HOW TO COMPLETE THIS TASK: Images excepted, the data below must be repeated exactly.

Data records:
Segment Open

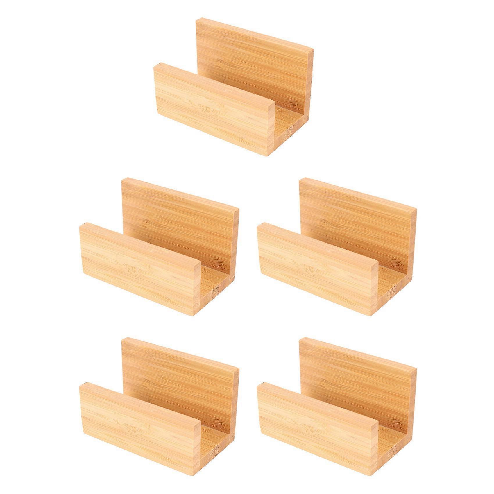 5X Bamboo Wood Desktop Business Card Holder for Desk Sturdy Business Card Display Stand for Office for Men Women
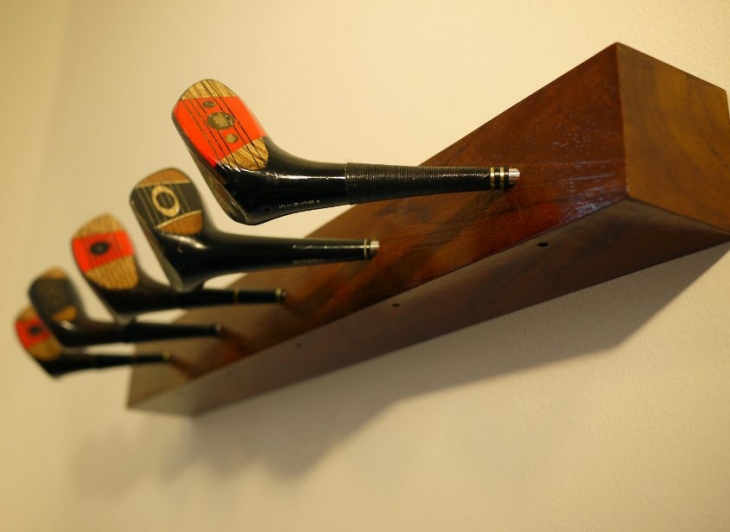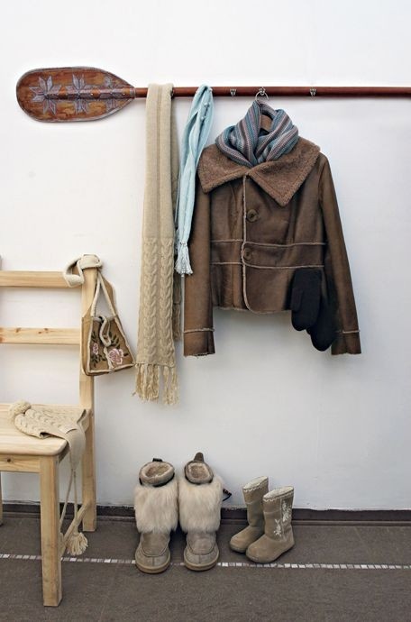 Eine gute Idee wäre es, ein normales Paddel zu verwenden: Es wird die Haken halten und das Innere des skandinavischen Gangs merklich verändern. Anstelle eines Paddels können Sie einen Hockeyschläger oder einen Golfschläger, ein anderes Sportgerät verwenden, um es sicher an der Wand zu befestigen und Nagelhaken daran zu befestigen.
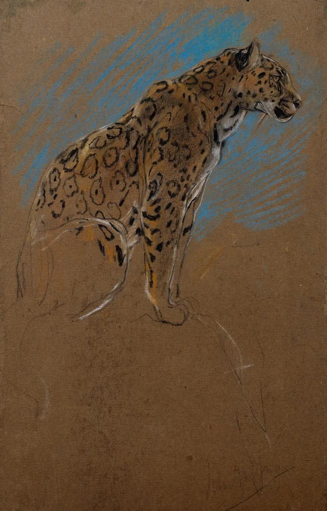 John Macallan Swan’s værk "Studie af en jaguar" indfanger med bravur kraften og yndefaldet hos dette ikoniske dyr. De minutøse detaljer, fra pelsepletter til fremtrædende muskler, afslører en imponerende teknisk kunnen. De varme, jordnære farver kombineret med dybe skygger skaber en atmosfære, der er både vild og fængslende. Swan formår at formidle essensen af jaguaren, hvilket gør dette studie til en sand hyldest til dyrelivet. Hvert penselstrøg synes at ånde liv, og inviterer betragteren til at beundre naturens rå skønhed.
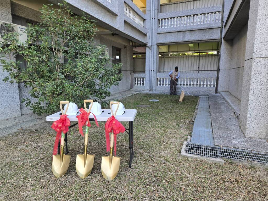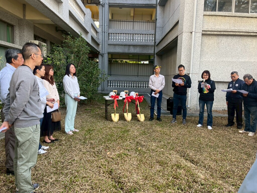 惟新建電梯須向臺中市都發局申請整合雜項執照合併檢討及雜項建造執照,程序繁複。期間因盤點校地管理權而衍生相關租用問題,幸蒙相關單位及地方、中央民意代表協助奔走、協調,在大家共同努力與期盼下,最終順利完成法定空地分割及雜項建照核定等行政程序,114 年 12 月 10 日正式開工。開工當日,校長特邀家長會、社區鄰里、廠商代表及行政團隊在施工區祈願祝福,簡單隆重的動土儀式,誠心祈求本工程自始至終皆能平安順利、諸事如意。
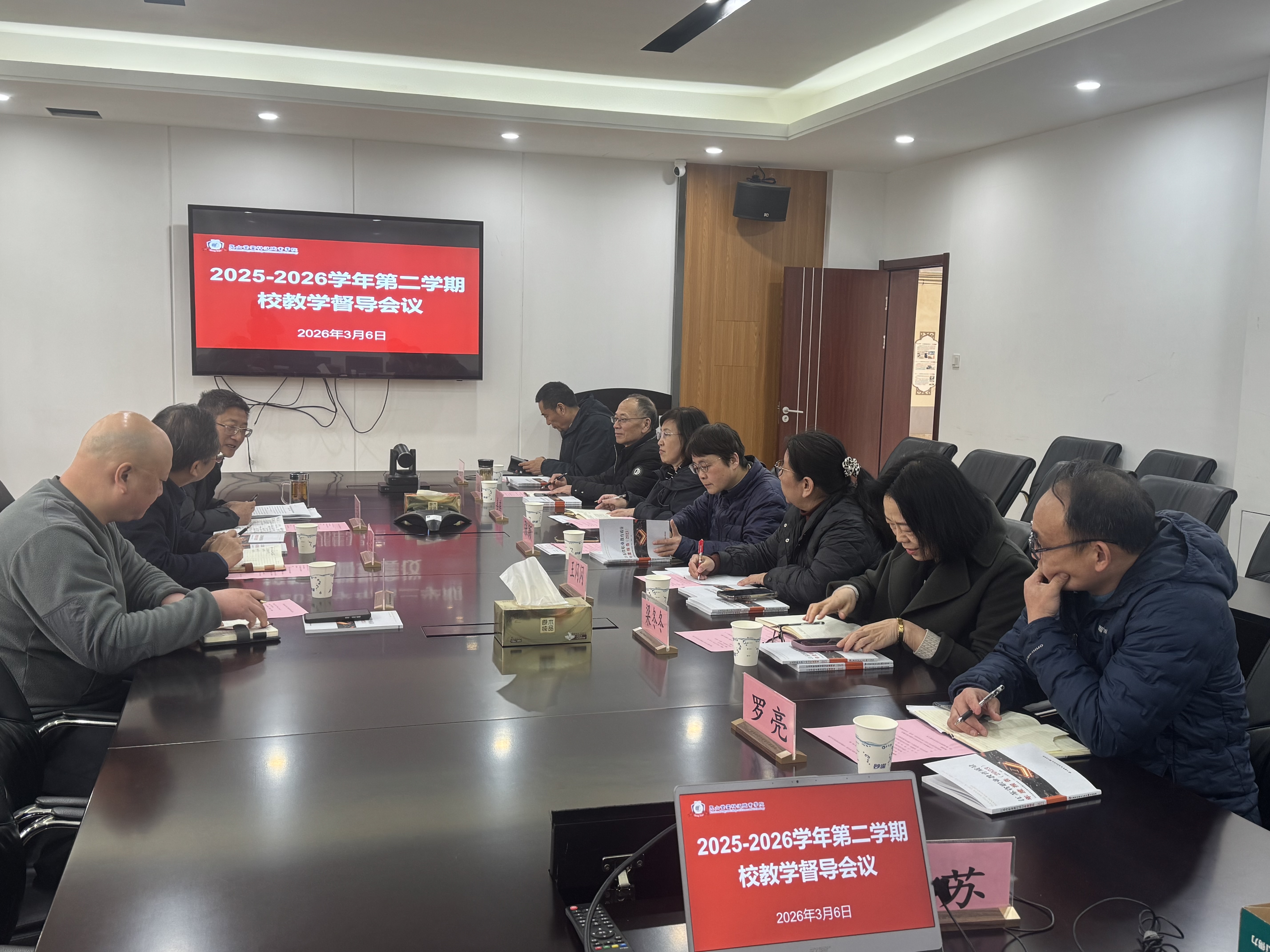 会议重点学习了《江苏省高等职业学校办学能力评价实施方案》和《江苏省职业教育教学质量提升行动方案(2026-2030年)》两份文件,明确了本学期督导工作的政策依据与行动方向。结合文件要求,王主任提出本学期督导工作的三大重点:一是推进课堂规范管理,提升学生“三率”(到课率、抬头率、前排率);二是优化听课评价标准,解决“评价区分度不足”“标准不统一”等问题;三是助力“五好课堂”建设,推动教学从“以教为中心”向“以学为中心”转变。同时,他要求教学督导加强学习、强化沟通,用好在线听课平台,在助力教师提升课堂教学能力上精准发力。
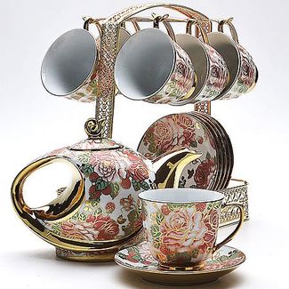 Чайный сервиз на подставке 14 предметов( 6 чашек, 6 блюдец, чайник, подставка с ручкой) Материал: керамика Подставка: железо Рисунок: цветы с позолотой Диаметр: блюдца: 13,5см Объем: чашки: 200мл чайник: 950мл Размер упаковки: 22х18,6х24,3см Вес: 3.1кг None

Segment Closed

ANSWER BOX:
 5X Bamboo Wood Desktop Business Card Holder for Desk Sturdy Business Card Display Stand for Office for Men Women
 Eine gute Idee wäre es, ein normales Paddel zu verwenden: Es wird die Haken halten und das Innere des skandinavischen Gangs merklich verändern. Anstelle eines Paddels können Sie einen Hockeyschläger oder einen Golfschläger, ein anderes Sportgerät verwenden, um es sicher an der Wand zu befestigen und Nagelhaken daran zu befestigen.
 John Macallan Swan’s værk "Studie af en jaguar" indfanger med bravur kraften og yndefaldet hos dette ikoniske dyr. De minutøse detaljer, fra pelsepletter til fremtrædende muskler, afslører en imponerende teknisk kunnen. De varme, jordnære farver kombineret med dybe skygger skaber en atmosfære, der er både vild og fængslende. Swan formår at formidle essensen af jaguaren, hvilket gør dette studie til en sand hyldest til dyrelivet. Hvert penselstrøg synes at ånde liv, og inviterer betragteren til at beundre naturens rå skønhed.
 惟新建電梯須向臺中市都發局申請整合雜項執照合併檢討及雜項建造執照,程序繁複。期間因盤點校地管理權而衍生相關租用問題,幸蒙相關單位及地方、中央民意代表協助奔走、協調,在大家共同努力與期盼下,最終順利完成法定空地分割及雜項建照核定等行政程序,114 年 12 月 10 日正式開工。開工當日,校長特邀家長會、社區鄰里、廠商代表及行政團隊在施工區祈願祝福,簡單隆重的動土儀式,誠心祈求本工程自始至終皆能平安順利、諸事如意。
 会议重点学习了《江苏省高等职业学校办学能力评价实施方案》和《江苏省职业教育教学质量提升行动方案(2026-2030年)》两份文件,明确了本学期督导工作的政策依据与行动方向。结合文件要求,王主任提出本学期督导工作的三大重点:一是推进课堂规范管理,提升学生“三率”(到课率、抬头率、前排率);二是优化听课评价标准,解决“评价区分度不足”“标准不统一”等问题;三是助力“五好课堂”建设,推动教学从“以教为中心”向“以学为中心”转变。同时,他要求教学督导加强学习、强化沟通,用好在线听课平台,在助力教师提升课堂教学能力上精准发力。
 Чайный сервиз на подставке 14 предметов( 6 чашек, 6 блюдец, чайник, подставка с ручкой) Материал: керамика Подставка: железо Рисунок: цветы с позолотой Диаметр: блюдца: 13,5см Объем: чашки: 200мл чайник: 950мл Размер упаковки: 22х18,6х24,3см Вес: 3.1кг None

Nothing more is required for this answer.